La última batalla del General
Aun muerto, el general Gary Prado Salmón ganó su última batalla. No aceptó que los kalimanes y los quintana perturben su velorio. En cambio, congregó a militares de la etapa democrática para que honren sus restos. Consiguió que una multitud autoconvocada rebalse la catedral cruceña y que ciudadanos anónimos aplaudieran el paso de su cortejo fúnebre por las calles capitalinas. Las lúgubres campanas doblaron por él. ¡Adiós!
La única vez que vi a Gary Prado fue en la reciente Feria del Libro de La Paz. Subía a un conversatorio cuando me obstruía el paso una larga fila de personas. Había hombres y mujeres, adultos, muchos jóvenes, algunos ancianos. Pregunté qué sucedía, mientras intentaba abrirme paso.

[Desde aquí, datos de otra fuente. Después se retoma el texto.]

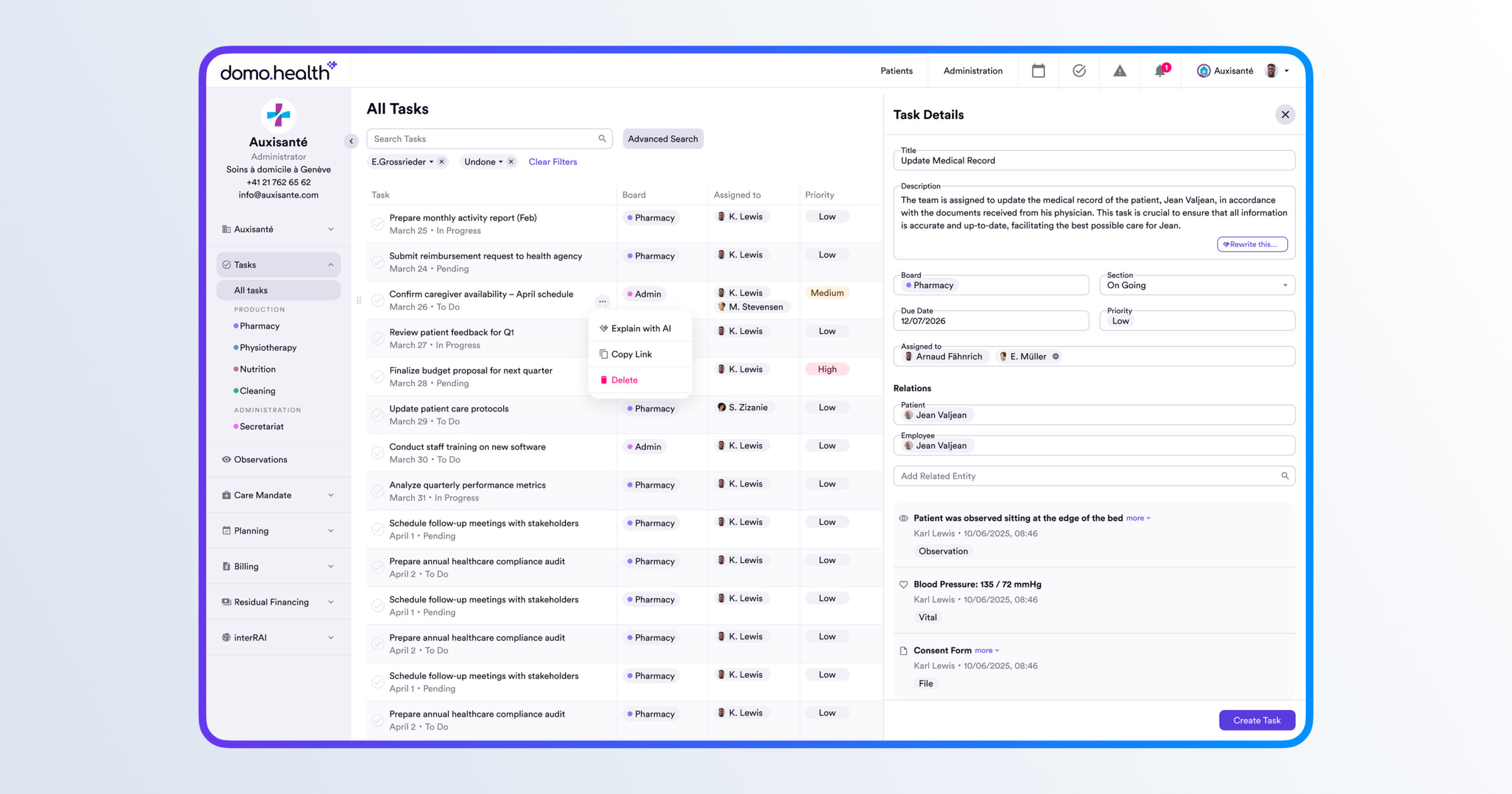 - Application soignants et proches aidants : accès mobile, suivi des soins, alertes, saisie rapide, IA générative (prise de note, génération de rapports etc.).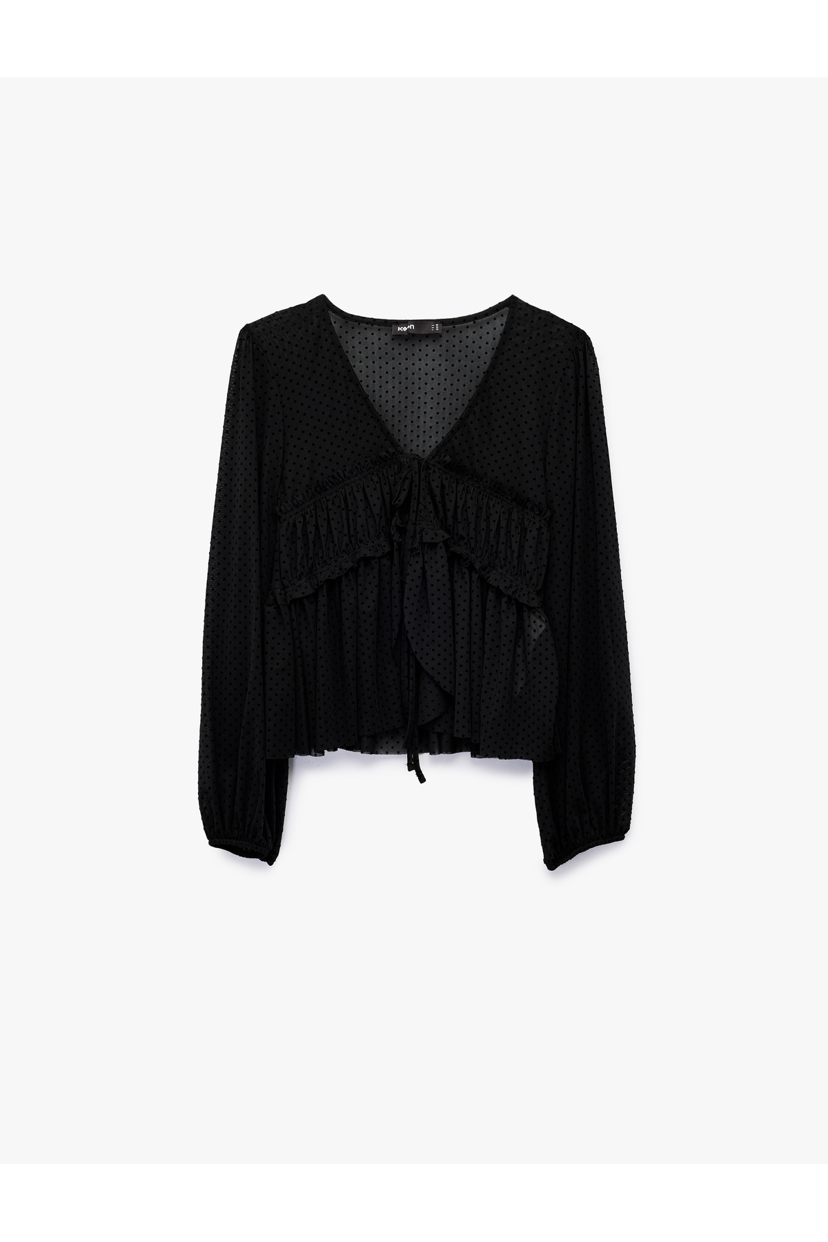 Uzun Kollu Fırfırlı Yaka Volanlı Puantiyeli Bluz Uzun Kollu Fırfırlı Yaka Volanlı Puantiyeli Bluz 6WAK60238UW 44

Entonces lo vi, esbelto a pesar de la vejez, sentado en la silla de ruedas. La gente le compraba sus libros, le pedía autógrafos y la mayoría quería sacarse una foto con él. Quedé absolutamente sorprendida. No sabía que escenas similares se habían producido en Santa Cruz. ¿Por qué les interesaba este militar boliviano?
Las respuestas fueron varias, reflejando la pluralidad del público ahí reunido. En resumen, sobre todo los jóvenes, lo reconocían como una persona valiente, que había vencido a invasores extranjeros. Me asombró aquello pues se supone que son 14 años de adoctrinamiento en las escuelas contra las Fuerzas Armadas de la República de Bolivia. Es un asunto que hay que verificar con mayor atención. Ya me pasó en las aulas universitarias, el poco apego de las nuevas generaciones al mito del Che Guevara.
Otro grupo, mayormente mujeres adultas, defendía a Gary Prado como víctima de la justicia macabra que lo encerró 11 años en su casa y lo maltrató a pesar de su condición de inválido. Recuerdo particularmente a una señora que en alta voz acusaba al Gobierno por inventar la trama del caso “terrorismo”.
Prado Salmón fue militar en la época de la Doctrina de Seguridad Nacional que tantas heridas causó en América Latina. Sin embargo, nadie lo señaló como autor de masacres, como contrabandista de autos chutos, como amarra huatos de jefazos o como cómplice de delitos. No leí jamás que alguien diga que el general Gary Prado Salmón era un cobarde.
Al contrario, él fue parte de los militares institucionalistas que conspiraron contra los dictadores. Primero contra Hugo Banzer, cuando liberaron a los presos políticos de la DOP (Dirección de Orden Político); luego contra los narcogobiernos. En la época democrática intentó consolidar un rol productivo de las Fuerzas Armadas, salvar a la institución de la mala fama heredada.
Muchos oficiales que han renunciado al Ejército y también a la Fuerza Naval o a la Fuerza Aérea consideran que en esos años se introdujo un germen maligno en los cuarteles. Las noticias, las declaraciones, las personalidades de los comandantes son un signo de aquello, aunque nadie analice en profundidad por qué esa decadencia y esa sumisión.
Prado se dedicó a dar clases magistrales y a escribir libros hasta sus últimos días. Lo invité a preparar un texto sobre los militares desde la Guerra del Chaco para el libro Un amor desenfrenado por la libertad, que auspició la Fundación Konrad Adenauer (KAS por sus siglas en Alemán). Disciplinado, a pesar de la cuarentena por la Covid, cumplió con su compromiso. Su nombre figura junto con otros 35 autores que describieron al país en la víspera del Bicentenario.
Su figura queda en la historia nacional, muy a pesar de los resentidos que quisieron rendirle acusándolo de “separatismo”. Su biografía, y la de su familia, muestran que —por el contrario— fue un nacionalista y un nacionalista de izquierdas.
Seguramente Fidel Castro y varios historiadores cubanos hubiesen reconocido su dignidad. En cambio, los fundamentalistas del circuito coca cocaína no son capaces ni siquiera de ese gesto decoroso.